Banks conduct property appraisals to make sure the seller’s property value matches the amount the buyer can pay for via a mortgage. If after an evaluation the bank deems a property to be of lower value than the starting price, they can lower the loan amount. 

However, it's worth noting that--while it can help--banks do not prioritize a property's condition during appraisals. Rather, banks weigh more heavily sales of comparable property in the same area.

Therefore, while a well-maintained home can aid the evaluation, sellers should not expect this to be the primary factor influencing property appraisals.

Draft Favorable Contract Clauses

Before entering into a mortgage transaction, sellers should be aware of the potential risks involved. These risks may include mortgage application rejection, missed sales opportunities, and a longer transaction timeline compared to cash deals. To mitigate these risks, it is important for sellers to draft protective contract clauses that provide compensation or safeguards.

Sample scenario: 

  • A buyer makes an offer on a property and plans to use a mortgage to finance the purchase.
  • The seller accepts the offer and takes the property off the market.
  • Both parties begin the transaction process, spending time and possibly money (e.g., inspections, legal advice).
  • The seller stops accepting other offers, missing out on potential buyers.
  • Just before the transfer date, the buyer suddenly withdraws from the deal.
  • The seller is left without compensation, having lost time, opportunities, and possibly incurred costs.
  • The property must now be relisted, which may lead to delays or a lower sale price. 
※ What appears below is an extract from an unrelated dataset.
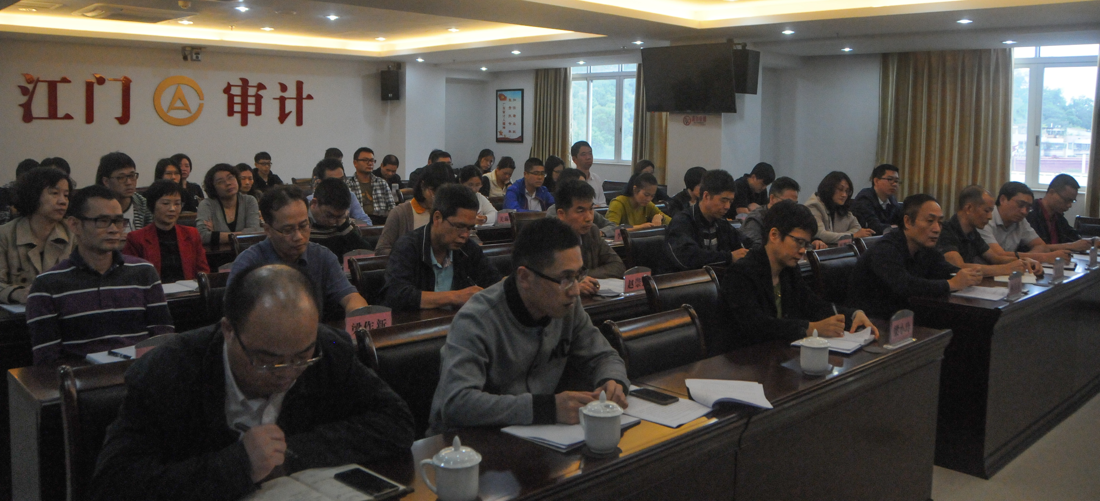 江门市委常委、常务副市长吴晓谋同志、市委组织部副部长赵雪琴同志11月23日来到江门市审计局,在市审计局全体干部职工大会上,赵雪琴同志宣布了市委关于江门市审计局领导职务任免的决定:陈新汉同志任江门市审计局党组书记,凌健能同志任江门市审计局党组成员,免去郭建红同志的江门市审计局党组书记职务。

To help prevent this, sellers must include a penalty clause in the contract. This clause typically states that the buyer must forfeit their initial deposit or pay a pre-agreed cancellation fee if they pull out without a valid legal reason, such as mortgage rejection with proof from a financial institution.This not only discourages non-serious buyers but also offers the seller some financial protection and compensation for lost opportunities and time.
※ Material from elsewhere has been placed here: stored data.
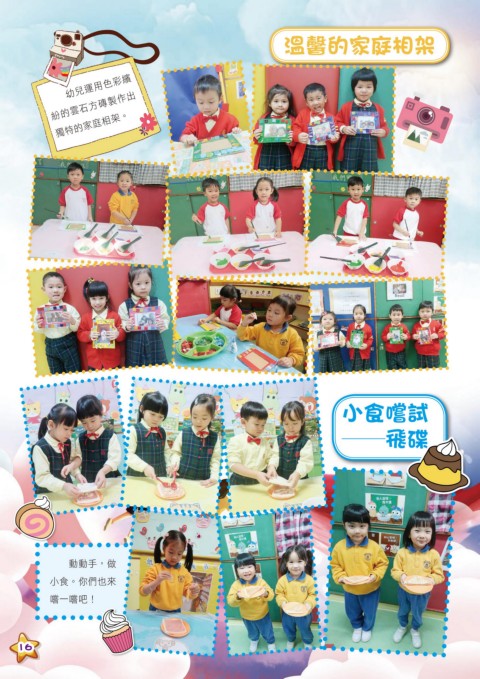 溫馨的家庭相架 幼兒運用色彩繽 紛的雲石方磚製作出 獨特的家庭相架。 小食嚐試 ─飛碟 動動手,做 小食。你們也來 嚐一嚐吧! 16
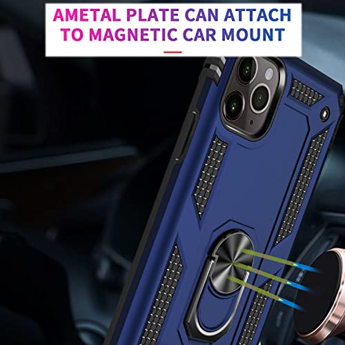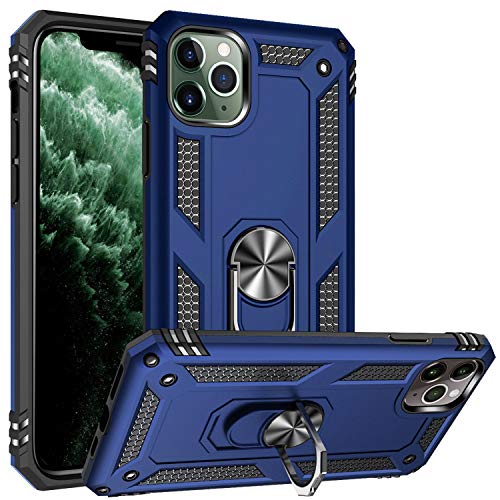 Fetrim Custodia per iPhone 11 PRO, Cover PC TPU Cassa Shell Supporto di Anello Rotante Case per Apple iPhone 11 PRO Blu Navy
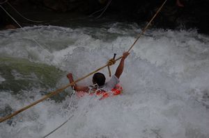 然而,正當(dāng)救援人員準(zhǔn)備營救最后一名被困男子時,發(fā)現(xiàn)他的雙腳被卡在了河底的兩塊石頭間,無法移動。此時河水已經(jīng)快漫過該男子的頸部。

When drafting a contract, both parties—seller and buyer—should carefully review and negotiate the terms to ensure mutual agreement. Ultimately, the contract should reflect a fair balance that makes both parties feel secure.

Conclusion 

Selling property to mortgage buyers in Dubai involves more complexity and risk than all-cash deals, but it also opens your property up to a wider pool of potential buyers.

By understanding the mortgage pre-approval and approval process, anticipating common challenges, and taking proactive steps—such as requesting pre-approval letters, preparing for appraisals, and including protective clauses—sellers will be better positioned to close a secure, successful property sale with mortgage in Dubai.